→ **GOAL OF THE EXERCISE**: Every entry below is to be returned unchanged. Images are not part of the copy.

→ **DATA TO PROCESS**:
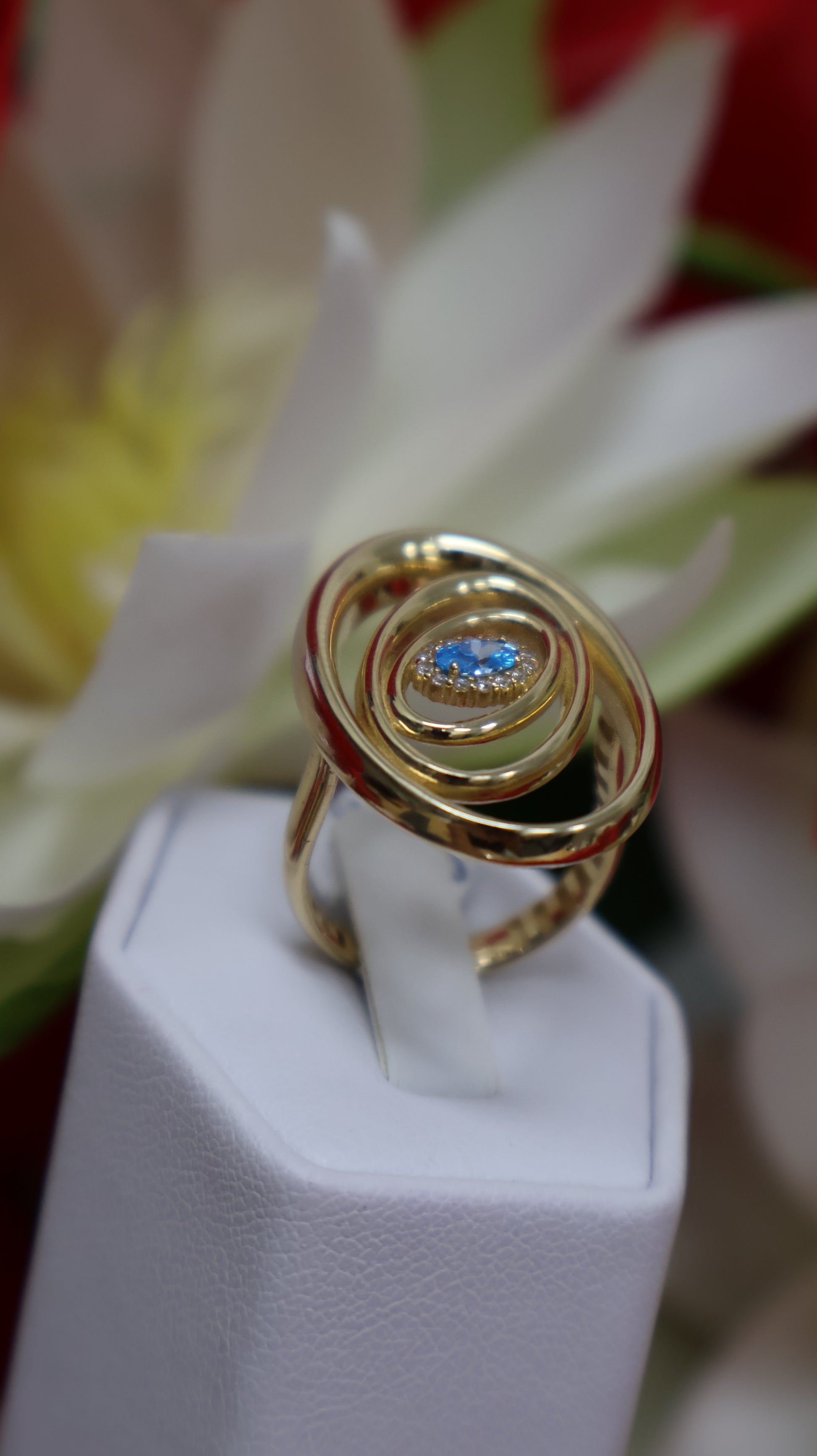 Este anillo de mujer en oro de 14k presenta una piedra azul aqua en el centro, que aporta un toque de frescura y sofisticación. Su diseño elegante y delicado realza cualquier estilo, convirtiéndolo en una joya perfecta para ocasiones especiales o para el uso diario con un toque de distinción.
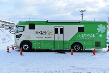 | 公益財団法人結核予防会は、一般財団法人日本宝くじ協会助成事業の助成により胃胸部併用検診車「しあわせ24号」を整備し、結核予防会青森県支部である当法人において、令和8年2月2日に引渡・披露式を行いました。 |
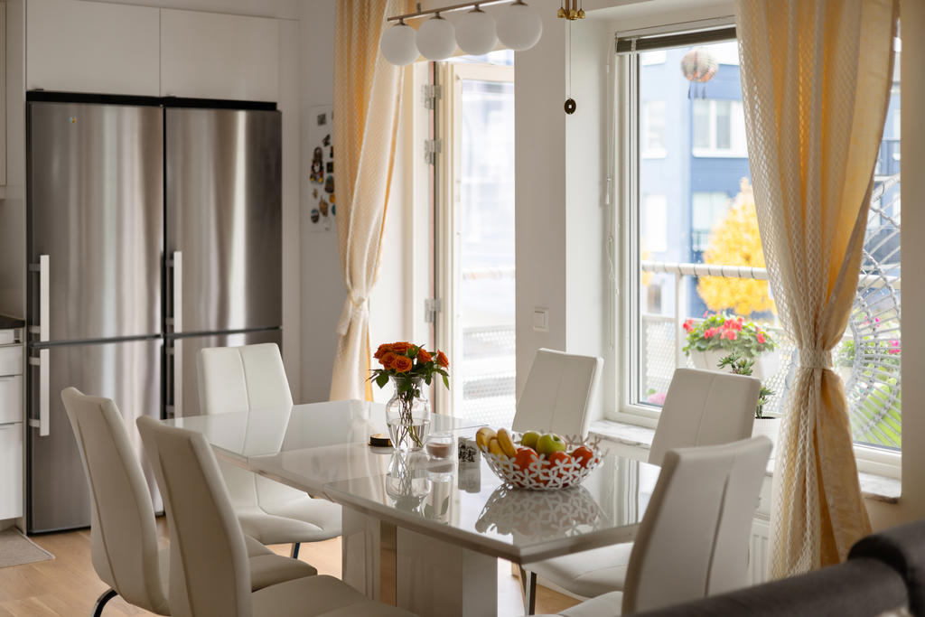 Balkongerna är designade för optimal korsventilation – en behaglig bris genomströmmar hemmet under större delen av året. FTX-ventilation med värmeåtervinning säkerställer frisk luft året om. Modern byggteknik och effektiv ljudisolering ger lugn vistelse dag och natt. Hörnläget med endast en vägg mot grannlägenheten säkerställer att barnen kan röra sig fritt utan att störa grannar.
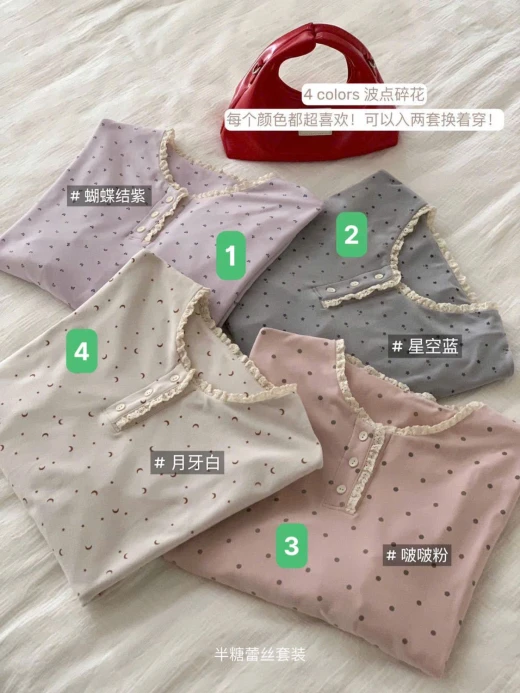 #0911b56 BỘ COTTON MẶC NHÀ CHẤM BI VIỀN REN ✔4 màu : đánh số ✔Free size <70kg 🌸 giá 253k 🐬 chốt 9/11
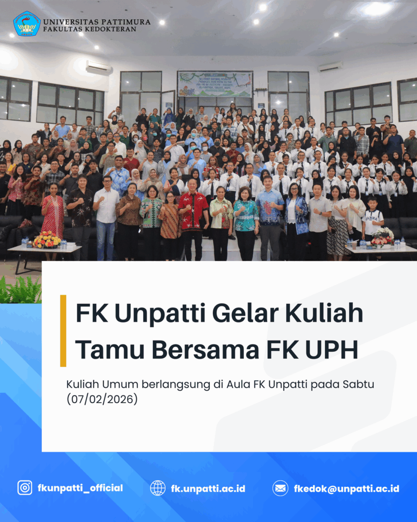 Fakultas Kedokteran Universitas Pattimura (FK Unpatti) menyelenggarakan kegiatan kuliah tamu bersama Fakultas Kedokteran Universitas Pelita Harapan (FK UPH) pada Sabtu (07/02/2026). Kegiatan ini berlangsung di Aula FK Unpatti dan diikuti oleh mahasiswa, dosen, serta para alumni FK Unpatti. Kegiatan tersebut dipimpin langsung oleh Dekan Fakultas Kedokteran Universitas Pelita Harapan, Prof. Dr. Dr. dr. Eka J.
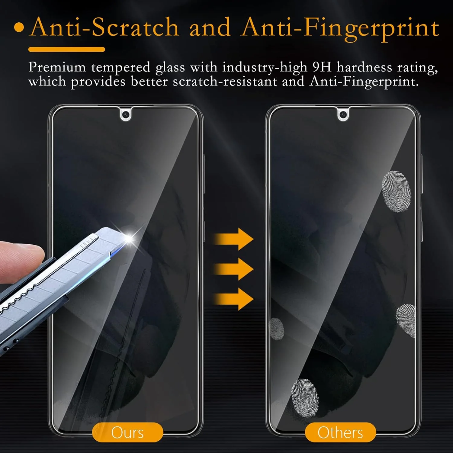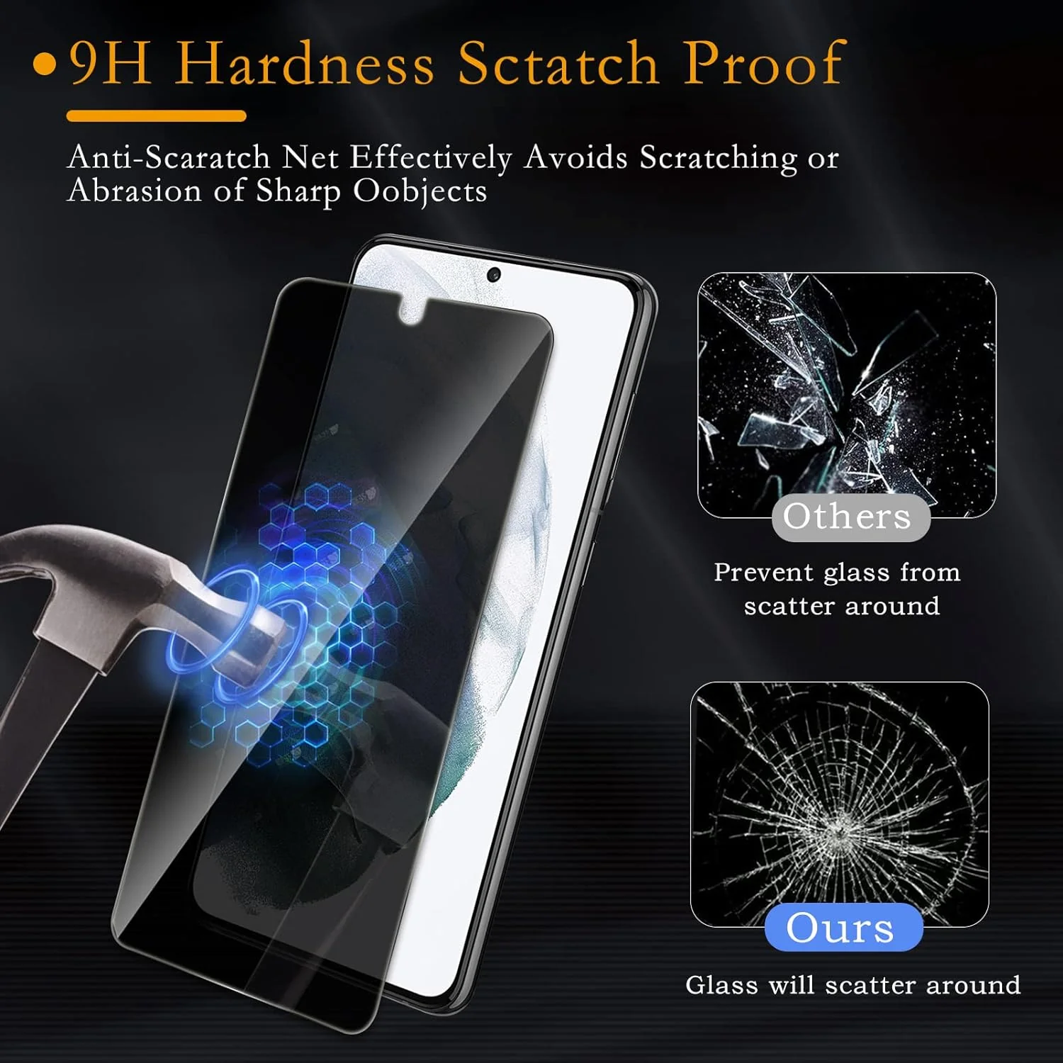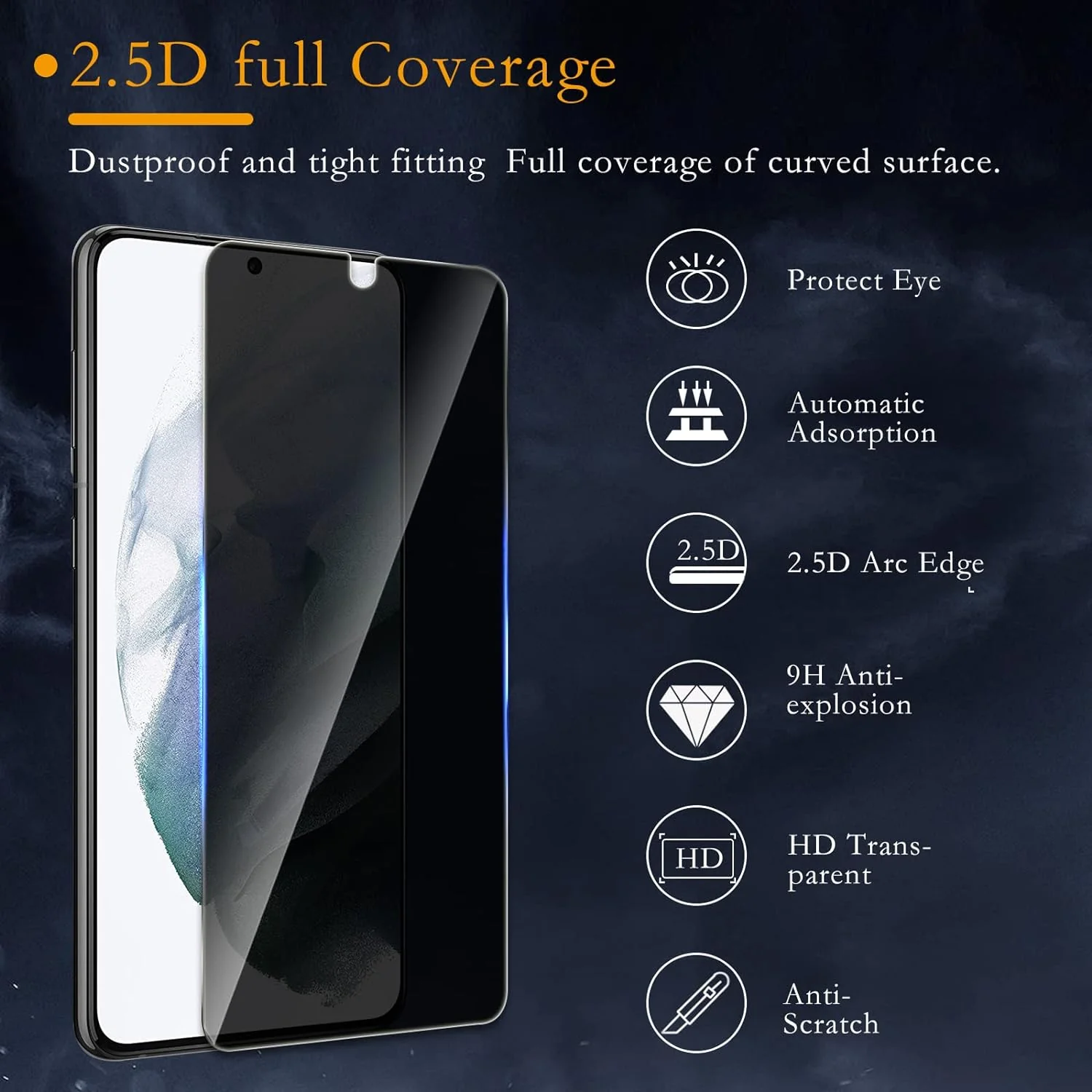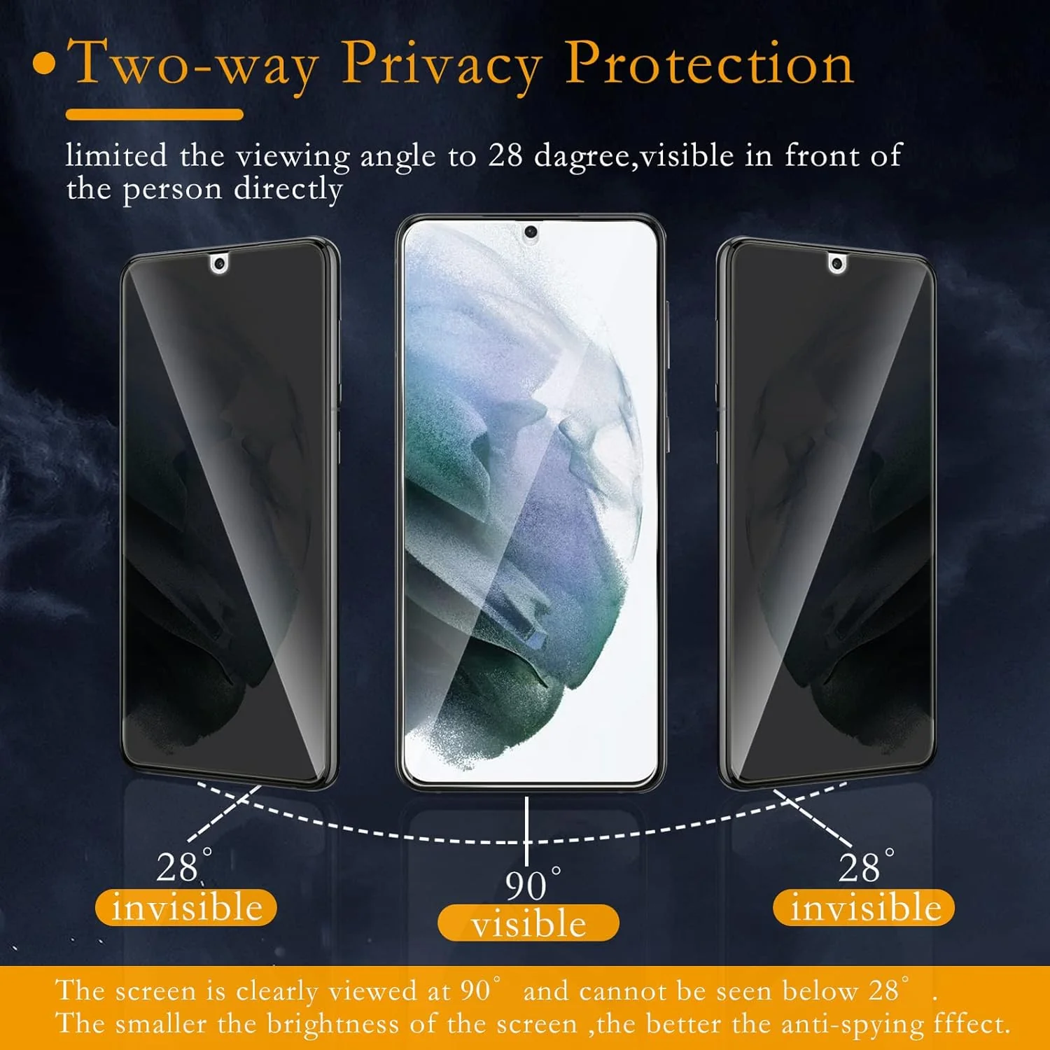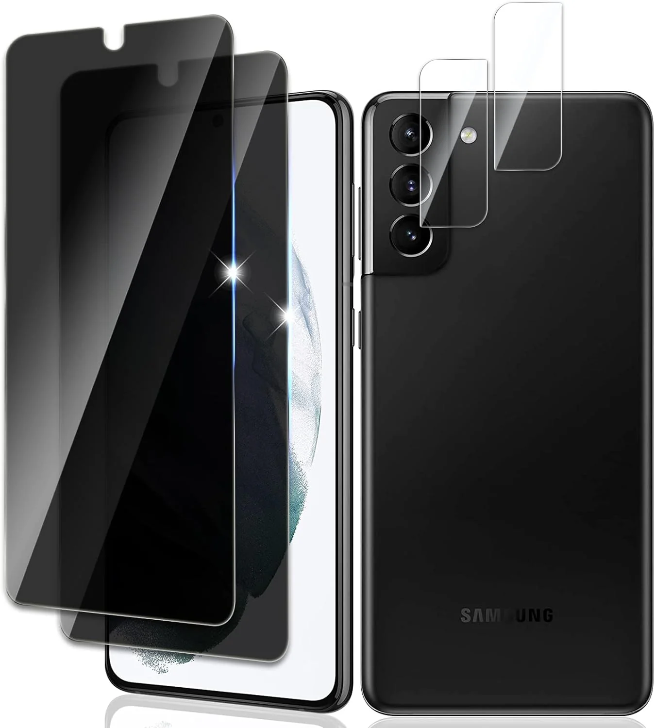 - Modelo compatible: el protector de pantalla y el protector de lente de cámara son compatibles con Samsung Galaxy S21 Plus, comprueba el modelo de teléfono antes de comprar. El producto contiene 2 paquetes de protectores de pantalla de vidrio templado de privacidad y 2 paquetes de protectores de lente de cámara. Protege tu teléfono perfectamente en todos los aspectos.

→ **SOLUTION FOR THIS EXERCISE**:
 Este anillo de mujer en oro de 14k presenta una piedra azul aqua en el centro, que aporta un toque de frescura y sofisticación. Su diseño elegante y delicado realza cualquier estilo, convirtiéndolo en una joya perfecta para ocasiones especiales o para el uso diario con un toque de distinción.
 | 公益財団法人結核予防会は、一般財団法人日本宝くじ協会助成事業の助成により胃胸部併用検診車「しあわせ24号」を整備し、結核予防会青森県支部である当法人において、令和8年2月2日に引渡・披露式を行いました。 |
 Balkongerna är designade för optimal korsventilation – en behaglig bris genomströmmar hemmet under större delen av året. FTX-ventilation med värmeåtervinning säkerställer frisk luft året om. Modern byggteknik och effektiv ljudisolering ger lugn vistelse dag och natt. Hörnläget med endast en vägg mot grannlägenheten säkerställer att barnen kan röra sig fritt utan att störa grannar.
 #0911b56 BỘ COTTON MẶC NHÀ CHẤM BI VIỀN REN ✔4 màu : đánh số ✔Free size <70kg 🌸 giá 253k 🐬 chốt 9/11
 Fakultas Kedokteran Universitas Pattimura (FK Unpatti) menyelenggarakan kegiatan kuliah tamu bersama Fakultas Kedokteran Universitas Pelita Harapan (FK UPH) pada Sabtu (07/02/2026). Kegiatan ini berlangsung di Aula FK Unpatti dan diikuti oleh mahasiswa, dosen, serta para alumni FK Unpatti. Kegiatan tersebut dipimpin langsung oleh Dekan Fakultas Kedokteran Universitas Pelita Harapan, Prof. Dr. Dr. dr. Eka J.
 - Modelo compatible: el protector de pantalla y el protector de lente de cámara son compatibles con Samsung Galaxy S21 Plus, comprueba el modelo de teléfono antes de comprar. El producto contiene 2 paquetes de protectores de pantalla de vidrio templado de privacidad y 2 paquetes de protectores de lente de cámara. Protege tu teléfono perfectamente en todos los aspectos.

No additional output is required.